Scottish Greens: gender reforms legal challenge was potential deal-breaker

Scottish Greens’ Maggie Chapman
Scottish Greens’ Maggie Chapman said she was very pleased Humza Yousaf had decided to challenge the UK governments veto on proposed changes to gender recognition laws in Scotland. Photograph: Jane Barlow/PA

The Scottish Greens have indicated they would have walked away from their governing partnership with the SNP if the first minister, Humza Yousaf, had not challenged the UK government’s veto on Holyrood’s plan to change gender recognition laws in Scotland.

However, the Scottish Conservatives have accused the new SNP leader of “making the same mistakes as Nicola Sturgeon”.

Asked directly on BBC Radio Scotland’s Good Morning Scotland programme whether her colleagues would have walked away from government if the Scottish National party had failed to mount a legal challenge, the Scottish Greens’ equalities spokesperson, Maggie Chapman, said: “It was very, very clear that this was a key principle for us as part of the Bute House agreement, and I’m very pleased that Humza Yousaf has taken the decision to challenge this in court.”

Chapman insisted it was not an option to renegotiate sections of the bill – which simplifies the process by which a transgender person can acquire a gender recognition certificate. Critics have raised particular concerns around a lack of safeguarding and the lowering of the age of application to 16.

Chapman said: “It was made quite clear in the very few conversations we’ve had with the UK government and others since the passage of this legislation that actually no amendments would have satisfied the UK government.”

The Scottish Conservatives’ equalities spokesperson, Rachael Hamilton, said on the same programme there had been “plenty of opportunity” for the Scottish government to answer concerns raised by the UK government and the Equality and Human Rights Commission during the passage of the bill.

“We knew all along that the Scottish government were not interested in listening to concerns about the safety and impact on women and girls. Nicola Sturgeon said all along that women’s concerns were not valid, and now Humza Yousaf is making the same mistakes as Nicola Sturgeon.”

She rebutted the framing by Scottish ministers of the veto as an attack on Scottish democracy, saying the use of section 35 under the 1998 Scotland Act was “part of the devolution settlement”.

The former supreme court judge Lord Sumption said the Scottish government’s position was “very difficult”, after it launched a judicial review of the veto on Wednesday.

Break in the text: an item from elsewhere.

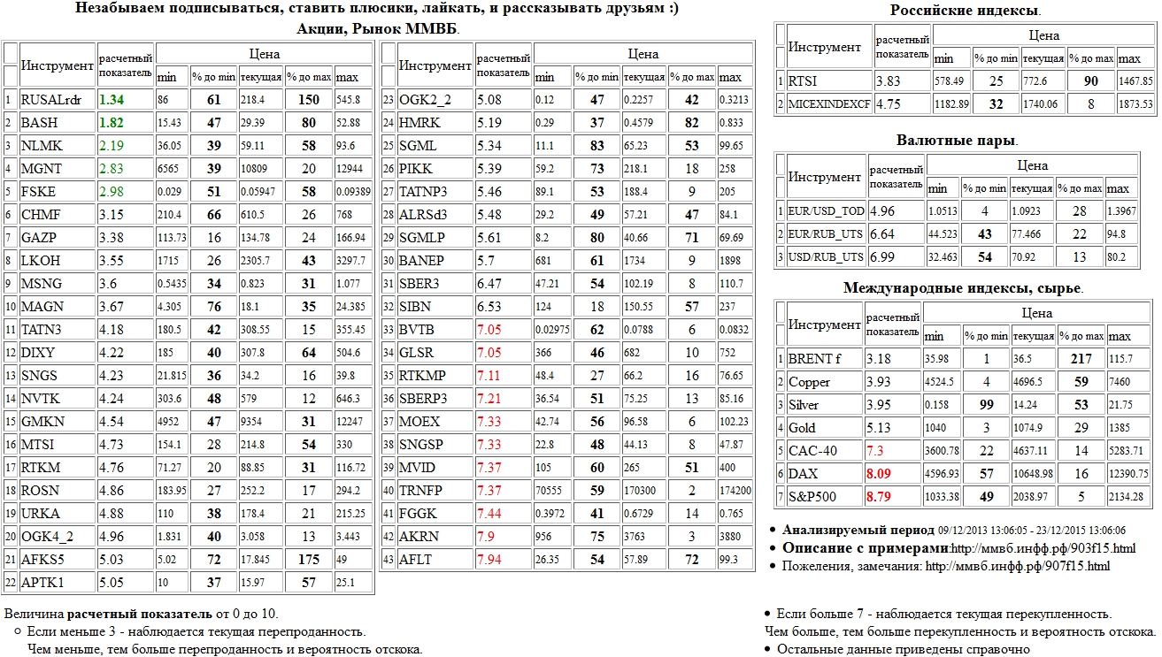 На 23/12/2015 13:04:13 при анализе акций рынка ценных бумаг ммвб, российских и международных индексов и валютных пар, сырья выявлено следующее - > Текущий анализ (архив, данные до 12.4.2016) - > Текущий анализ BVTB Сильно перепроданы: RUSAL РДР 1:10 ( RUSALrdr ), Распадская а.о. ( BASH )

But he said the use of a section 35 order to bar the bill from going for royal assent was unlikely to set a precedent because the issue of gender reassignment was a “one-off”.

Sumption said the Scottish government’s case was “arguable but weak”, adding he would not go as far as his former supreme court colleague Lord Hope, who has described it as “hopeless and a waste of public money”.

“Section 35 empowers the UK government to stop a Scottish bill becoming law if it modifies the law relating to a matter reserved to Westminster in a way that adversely affects how the law works,” Sumption said.

“The result will be that some UK citizens, if this bill comes into force, will have a different legal gender in different parts of the UK. That poses really quite serious legal and practical problems for employers and for public authorities operating the equalities legislation on a UK-wide basis. For example, they’ll have to discriminate between trans people in Scotland and the rest of the UK on matters like equal pay, gender discrimination, benefits, pensions, all of these things which are subject to UK-wide statutory regimes.”

He said the Scottish government would have to argue that gender recognition was nothing to do with equal opportunities.

“What they’ll say is equal opportunities is about discrimination. Whereas gender recognition is about defining a person’s legal status. And they’ll point out that the Scottish bill actually has a clause saying that nothing in it is to be treated as modifying the UK-wide Equality Act of 2010. Now, whatever the bill might say about that, its effects clearly do introduce serious problems,” he said.